Houston’s exports have been powered by the surge in oil and natural gas production from shale reserves, which has created cheap feedstocks for the region’s refineries and petrochemical plants.
The metropolitan area’s exports were worth $110.3bn in 2012, up 5.6 per cent from last year, pushing the New York area into second place after a 2.7 per cent drop to $102.3bn.
The data are for goods exports only, and New York’s service sector would probably make it the largest US area for total exports.

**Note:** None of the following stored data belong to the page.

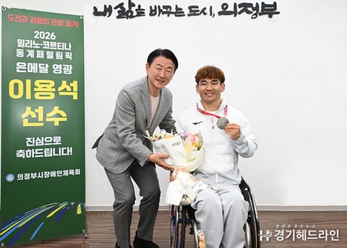 [경기헤드라인=김성구 기자] 의정부시장애인체육회는 24일 오전 시장실에서 ‘2026 밀라노·코르티나 동계 패럴림픽’ 휠체어 컬링 믹스더블 종목에서 은메달을 획득한 이용석 선수를 초청해 격려식을 개최했다.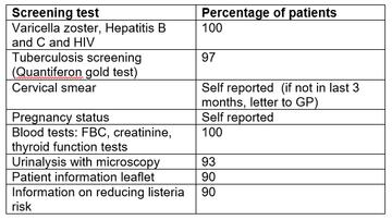 Some minor points that could be improved upon are that a significant number of urinalysis tests were missed and that pregnancy and smear results rely on patient self-reporting (although information about this is provided in the patient information pack). All patient had an MRI in the year prior to treatment. However, more patients could have one +/- 3 months of starting, rather than at 6-12 months, as this gives less useful information, being neither a baseline scan or an annual follow up scan.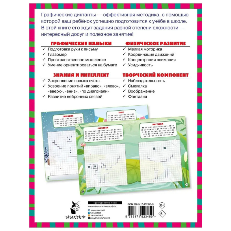 Графические диктанты эффективная методика, с помощью которой ваш ребёнок успешно подготовится к учёбе в школе. В этой книге его ждут задания разной степени сложности интересный досуг и полезное занятие! Идеально для занятий с детьми 4-7 лет. Развиваем графические навыки: подготовка руки к письму, глазомер, пространственное мышление, умение ориентироваться на бумаге. Физическое развитие: мелкая моторика, координация движений, концентрация внимания, усидчивость. Знания и интеллект: закрепление навыка счёта; усвоение понятий вправо, влево, вверх, вниз, по диагонали; развитие нейронных связей. Творческий компонент: наблюдательность, смекалка, воображение, фантазия. Как заниматься по книге? Найдите стартовую точку. Количество клеток обозначено числом, а направление стрелками. Начните проводить линию последовательно, стараясь не отрывать руку от бумаги. Советы родителям: Перед занятием поиграйте в игру Солдат. Вы отдаёте приказ, а малыш его выполняет. Например: Повернись налево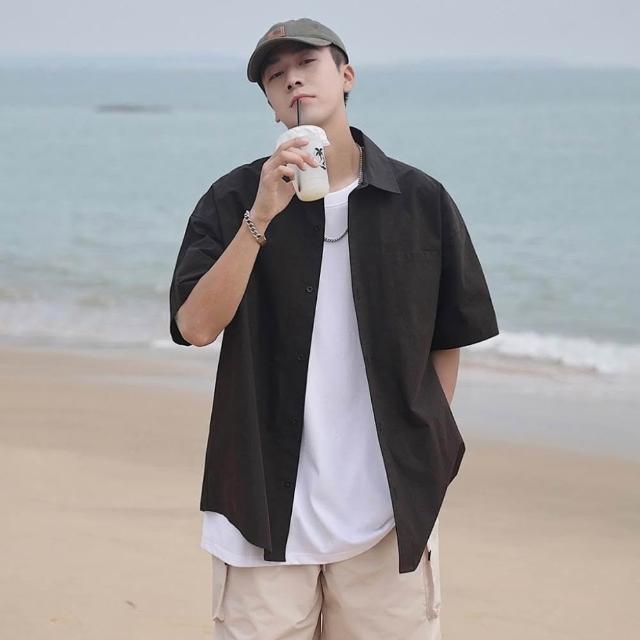 Muscle Shot涼感落肩襯衫|台灣出貨 短袖襯衫 寬鬆落肩 復古風 夏日穿搭 男上衣 休閒襯衫 寬版設計 韓系 男襯衫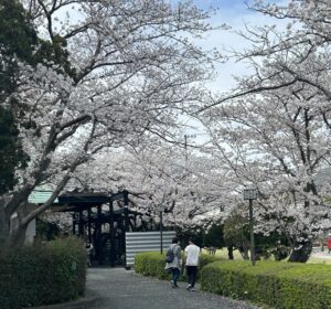中根金作 氏が手がけた公園で、図書館から望む池泉式の日本庭園があるほか、桜並木や落葉樹の散歩道、芝生広場、バラ園などがあります。近くにはショッピングセンターやカフェもあり、散策にも最適です。(4月=さくら、5月=バラ)
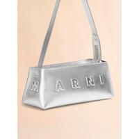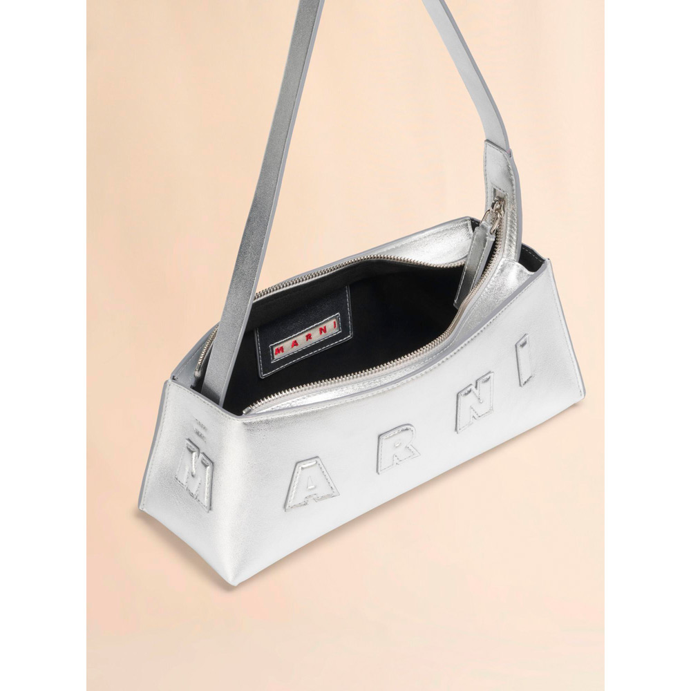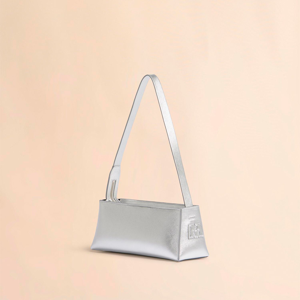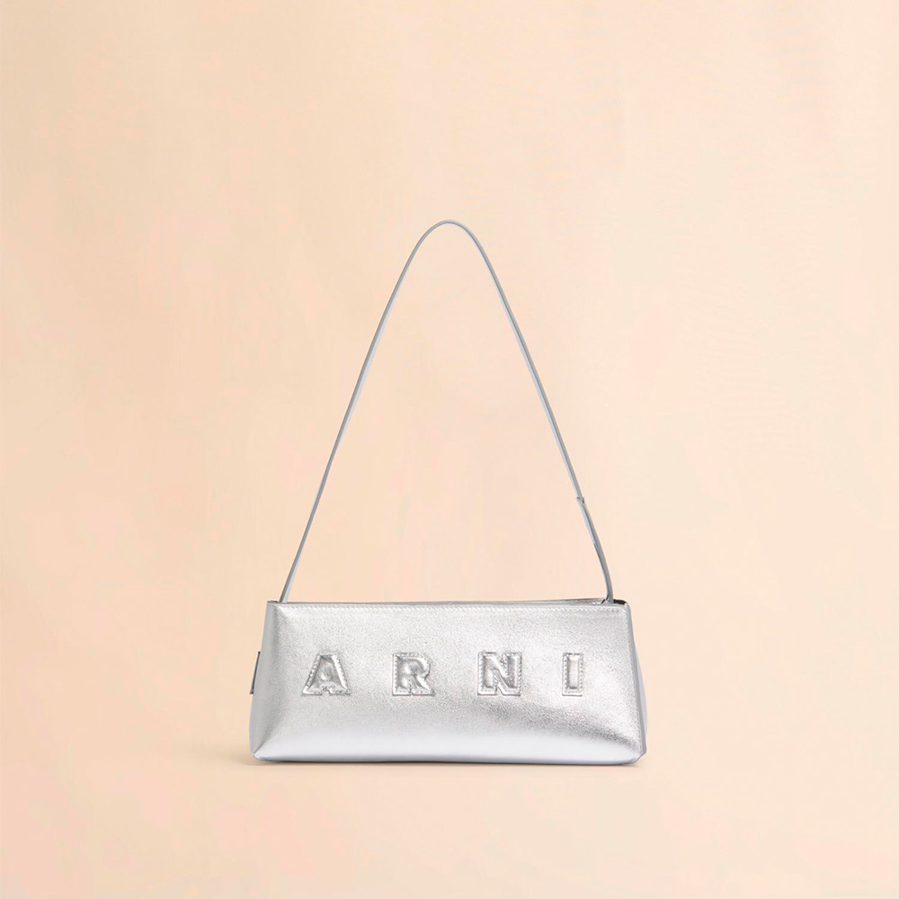 ラミネート加工を施したレザーを使用した“MUSEO HOBO”バゲットバッグ。横長フォルムに大胆なロゴを配したデザイン。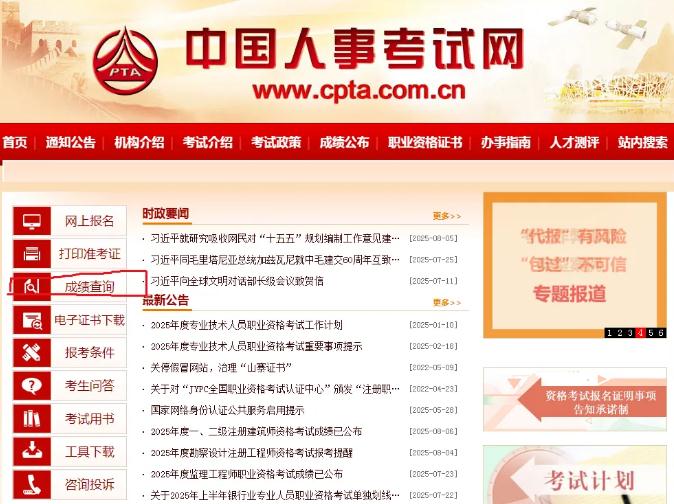 2025年注冊(cè)計(jì)量師職業(yè)資格考試成績(jī)由中國(guó)人事考試網(wǎng)發(fā)布,查分通道開(kāi)通后可登錄http://www.cpta.com.cn/查詢(xún)。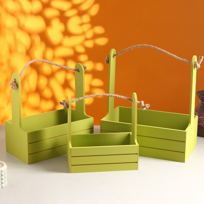 Набор кашпо деревянных 3 в 1 (29×18×33; 25×15×30; 21×12×23) "Аром", Фисташковый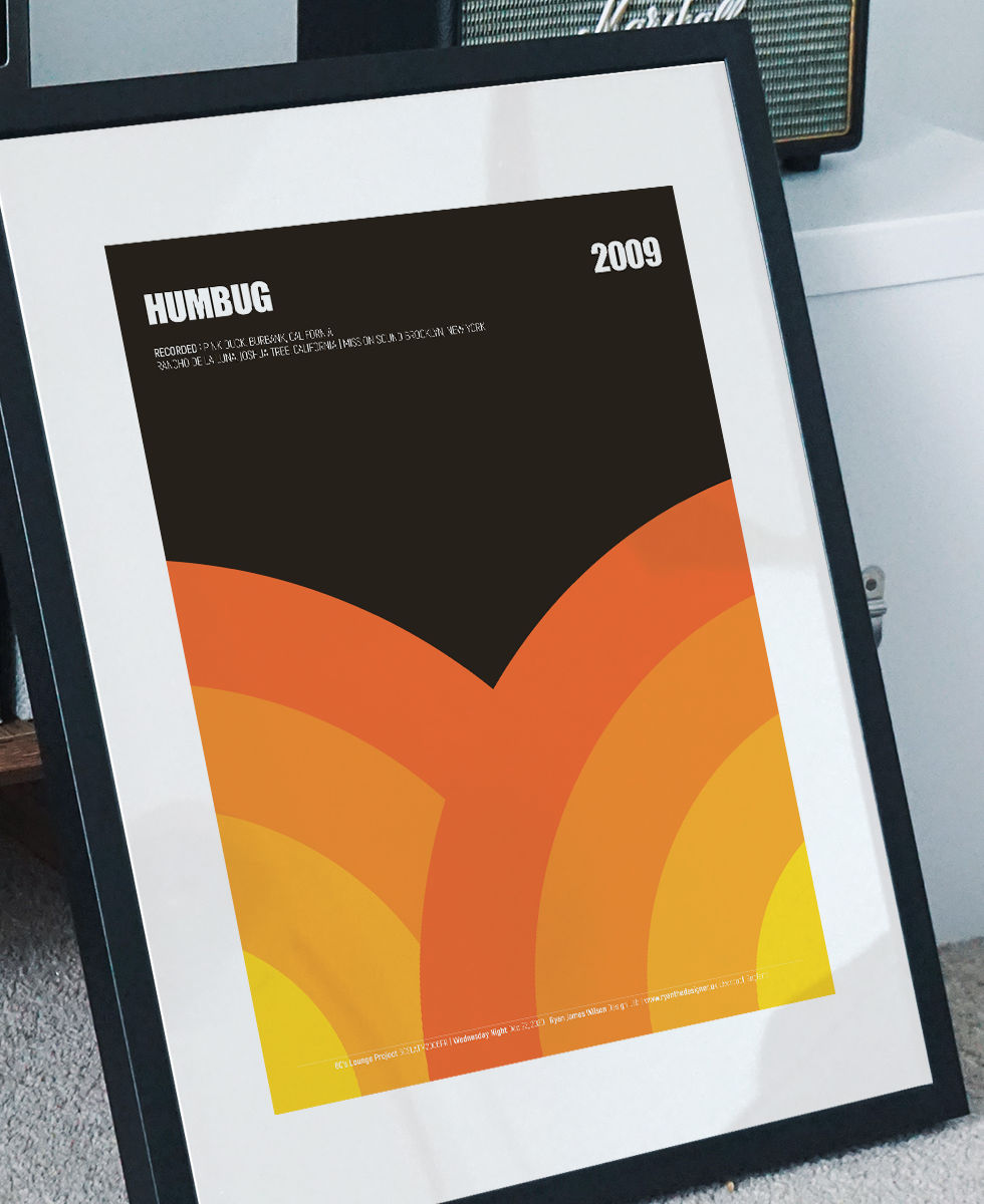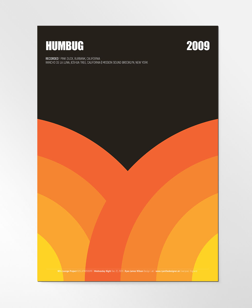 Celebrating the Sheffield band fronted by Alex Turners 2009 album Humbug in a modernist style.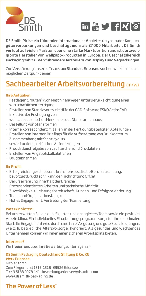 Firma: DS Smith Packaging Deutschland Stiftung & Co. KG Werk Erlensee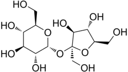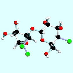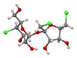 Sucralose is a disaccharide composed of 1,6-dichloro-1,6-dideoxyfructose and 4-chloro-4-deoxygalactose. It is synthesized by the selective chlorination of sucrose in a multistep route that substitutes three specific hydroxyl groups with chlorine atoms. This chlorination is achieved by selective protection of one of the primary alcohols as an ester (acetate or benzoate), followed by chlorination with an excess of any of several chlorinating agent to replace the two remaining primary alcohols and one of the secondary alcohols, and then by hydrolysis of the ester.[31][32]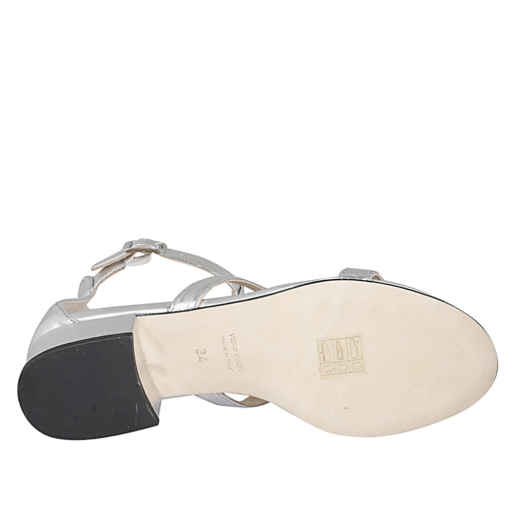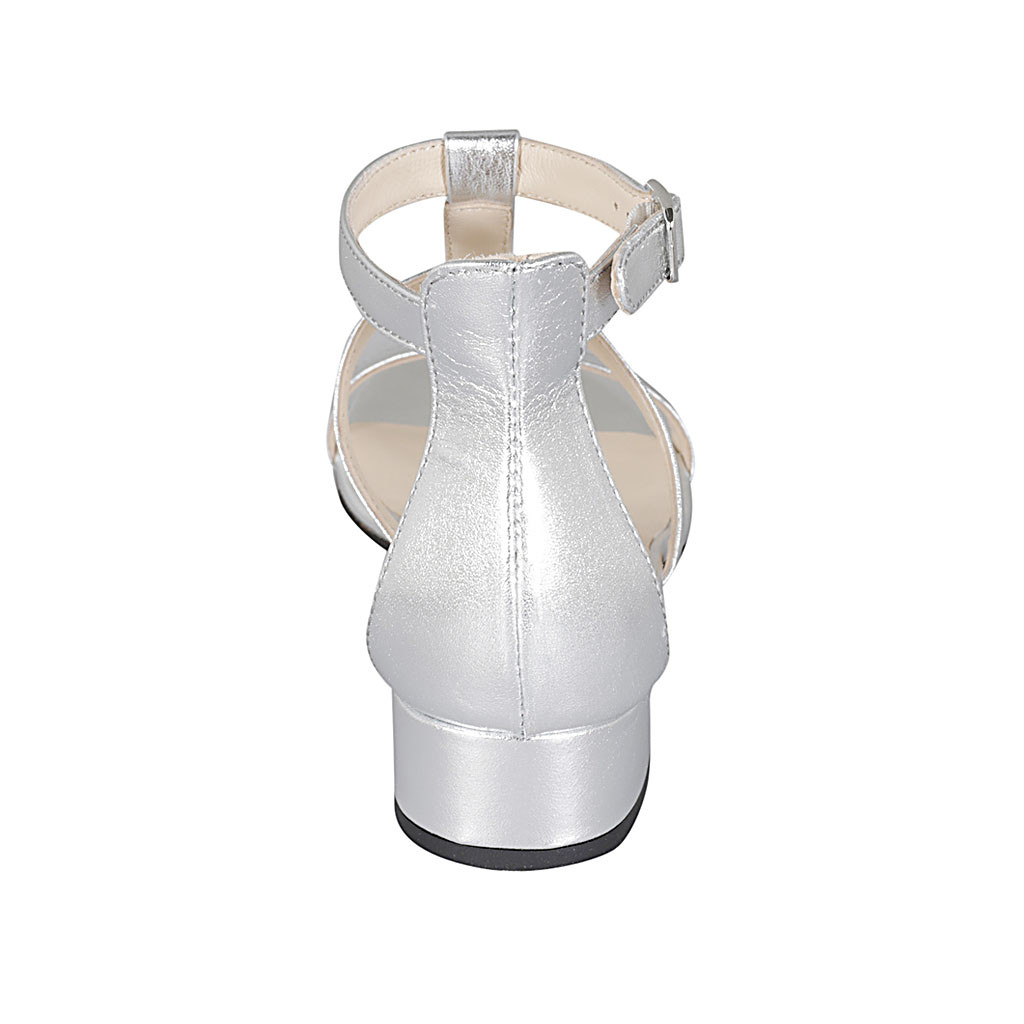 Offener Damenschuh mit Riem aus silberfarbenem laminiertem Leder Absatz 3

Exports from the New York region were hit by tropical storm Sandy last year.
Nevertheless, the rise of Houston, and Texas generally, is a sign of the wider economic benefits created by the boom in oil and gas production.
The largest component of Houston’s exports, accounting for a third of the total at $37bn, is petroleum and coal products, reflecting soaring US sales of products such as diesel, petrol and liquefied petroleum gas, which more than doubled between 2007 and 2012.
US refineries have had a competitive advantage as a result of ample supplies of onshore oil, which depressed domestic crude prices relative to international benchmarks, although that gap has now largely closed.
The second-largest category of Houston’s exports is chemicals, worth $31bn last year, which benefited from cheap natural gas used as a raw material for many commonly used products.
Patrick Jankowski of the Greater Houston Partnership, a business-backed body that seeks to promote trade and investment in the area, said: “We’ve had this incredible natural gas boom going on, and it has made it cheaper to manufacture chemicals in the US than it is in most other places in the world.”
He added that Houston’s 25 mile-long port complex enabled low-cost exports of commodities such as petrochemicals.
Mark Muro of the Brookings Institution, a think-tank, said the city’s “increasingly global ethos” was also a factor in its export success.
“Houston has a big airport serving a lot of international flights, and an increasingly international mentality, built up from its global position in energy and the importance of the port,” he said.
About 28 per cent of Houston’s population was born outside the US, putting it in the top 10 of large US cities for foreign-born residents.
In another sign of the region’s international perspective, direct commercial flights from Houston to Beijing began on Thursday, run by Air China.
As well as fossil fuel products, the Houston region also has significant exports of manufactured goods including machinery and electronics.
Although the latest numbers are for goods exports only, the shift away from New York and towards Houston echoes the US economy’s tilt away from financial services and towards energy.
Since the start of the recession at the end of 2007, the New York area has added a net 75,000 jobs, a 0.9 per cent increase, while Houston has added 195,000, a rise of 7.5 per cent.